The Eye Brook rises between Tilton on the Hill and Skeffington in Leicestershire and flows east through a narrow valley towards East Norton. Near where it crosses the A47, it starts to form the county boundary between Leicestershire and Rutland, with Belton-in-Rutland to the north, and Allexton to the south. It then proceeds south-eastwards, passing the village of Stockerston. Between Stoke Dry and Caldecott it has been dammed to form the Eyebrook Reservoir.
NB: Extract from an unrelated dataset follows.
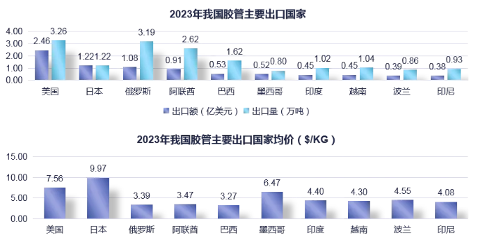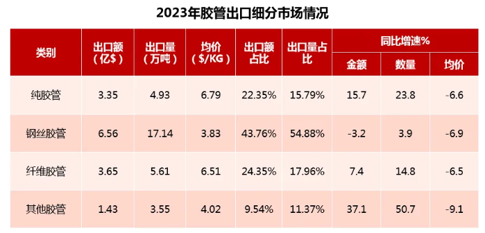 2023年我國膠管產(chǎn)品中第一大出口類型是鋼絲膠管,出口額占膠管出口總額約44%,出口量占膠管出口總量約55%,同時鋼絲膠管也是所有出口膠管類型中均價最低的類型;純膠管與纖維膠管出口額各占出口總額的兩成以上,出口量各占出口總量的不足兩成,出口均價在膠管產(chǎn)品細(xì)分領(lǐng)域較高,兩類產(chǎn)品出口份額較2022年有所上升。

Shortly after the reservoir outfall, it joins the River Welland (here forming the border with Northamptonshire).

==Wildlife==
Much of the land surrounding the area is a Site of Special Scientific Interest and a report by English Nature considered the river to be one of the most "natural" in the county having experienced very little human intervention.

The river holds a variety of fish species, including roach, dace and chub. Wild brown trout spawn in the lower reaches.

==Research==
The Eye Brook Community Heritage Project, funded by the Heritage Lottery, documents the evolution of land use within the Brook's catchment, the management and use of natural resources associated with it, and the underlying ecology.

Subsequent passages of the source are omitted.